- [GIVEN ENTRIES]
::::

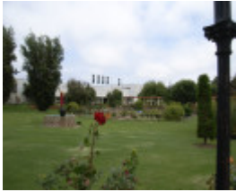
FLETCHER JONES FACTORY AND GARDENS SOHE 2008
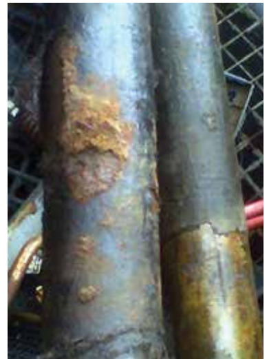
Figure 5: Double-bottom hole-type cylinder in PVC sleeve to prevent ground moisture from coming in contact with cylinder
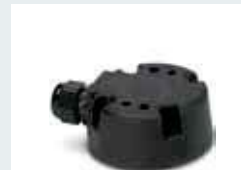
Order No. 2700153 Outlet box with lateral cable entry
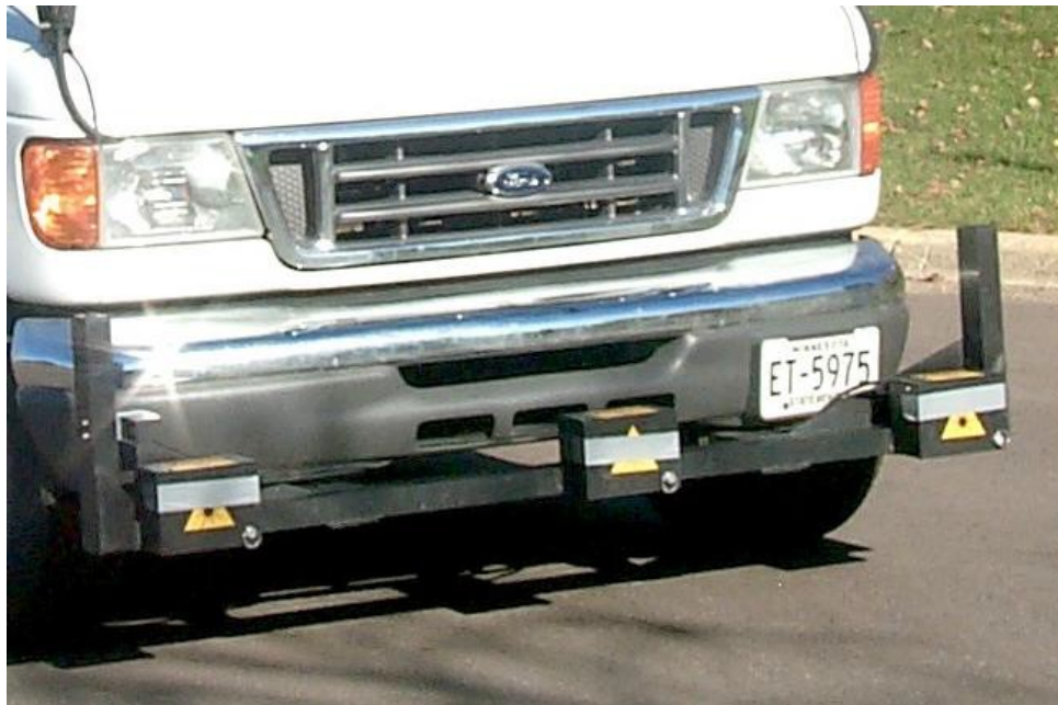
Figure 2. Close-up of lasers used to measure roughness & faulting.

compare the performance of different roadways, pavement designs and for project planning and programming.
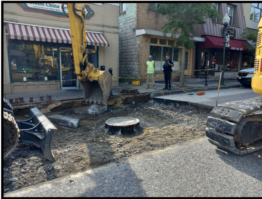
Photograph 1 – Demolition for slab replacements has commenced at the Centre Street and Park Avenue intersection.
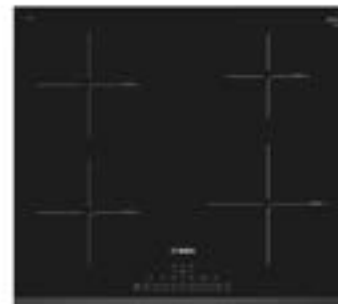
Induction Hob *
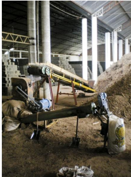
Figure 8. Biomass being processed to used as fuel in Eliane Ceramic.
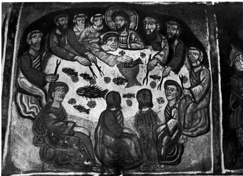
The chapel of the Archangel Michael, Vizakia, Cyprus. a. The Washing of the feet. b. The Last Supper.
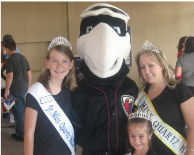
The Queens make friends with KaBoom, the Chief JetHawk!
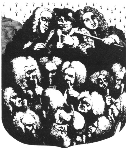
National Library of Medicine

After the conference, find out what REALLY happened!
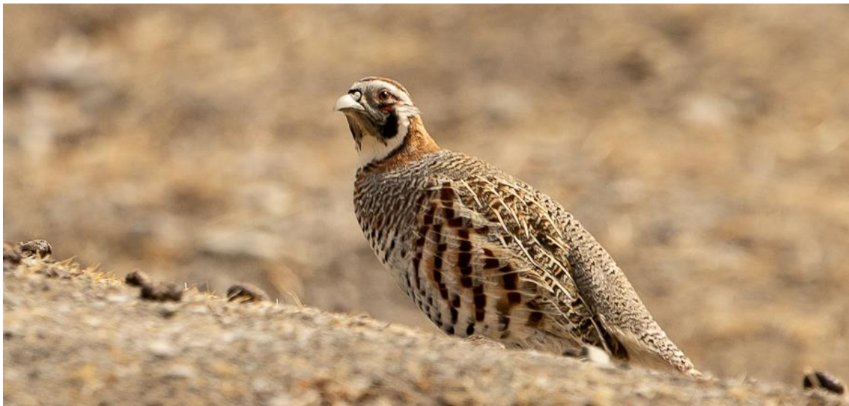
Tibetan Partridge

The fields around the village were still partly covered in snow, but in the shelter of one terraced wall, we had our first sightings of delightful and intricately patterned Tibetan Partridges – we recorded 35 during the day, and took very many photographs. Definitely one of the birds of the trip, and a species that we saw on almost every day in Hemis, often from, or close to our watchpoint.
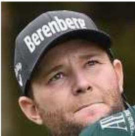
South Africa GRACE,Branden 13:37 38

::::

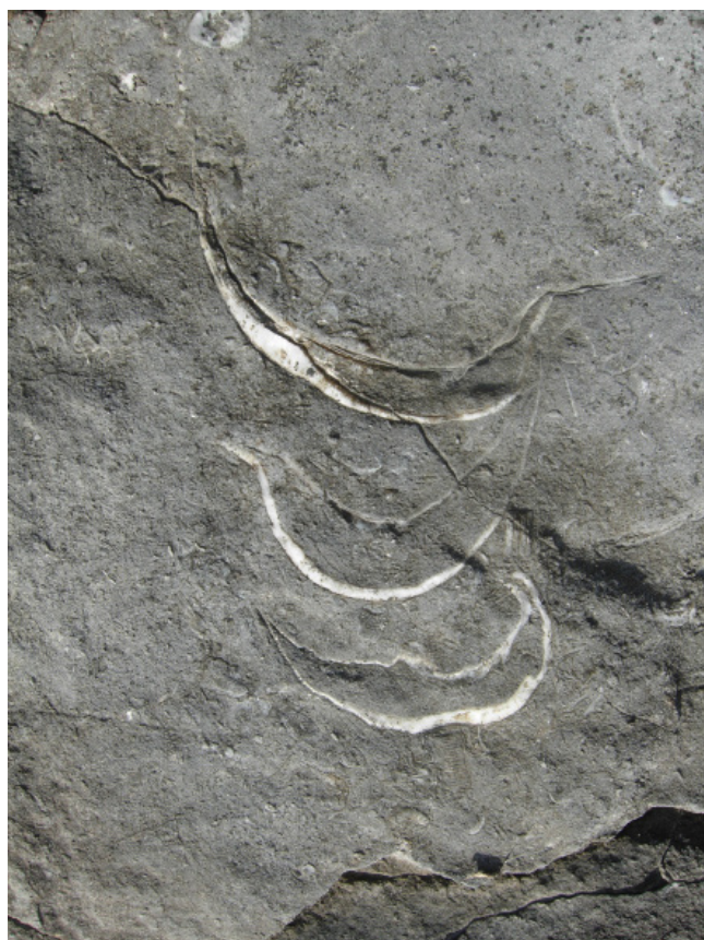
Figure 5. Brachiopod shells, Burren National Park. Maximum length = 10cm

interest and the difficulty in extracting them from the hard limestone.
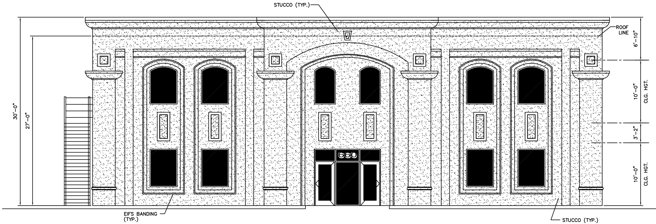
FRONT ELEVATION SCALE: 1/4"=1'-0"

::::

- [TASK TO CARRY OUT]
Among the entries above, copy exactly the stretch from the line holding "Photograph 1 –" through the line holding "The chapel of", leaving out any pictures.

- [SOLUTION FOR THIS EXERCISE]
Photograph 1 – Demolition for slab replacements has commenced at the Centre Street and Park Avenue intersection.
Induction Hob *
Figure 8. Biomass being processed to used as fuel in Eliane Ceramic.
The chapel of the Archangel Michael, Vizakia, Cyprus. a. The Washing of the feet. b. The Last Supper.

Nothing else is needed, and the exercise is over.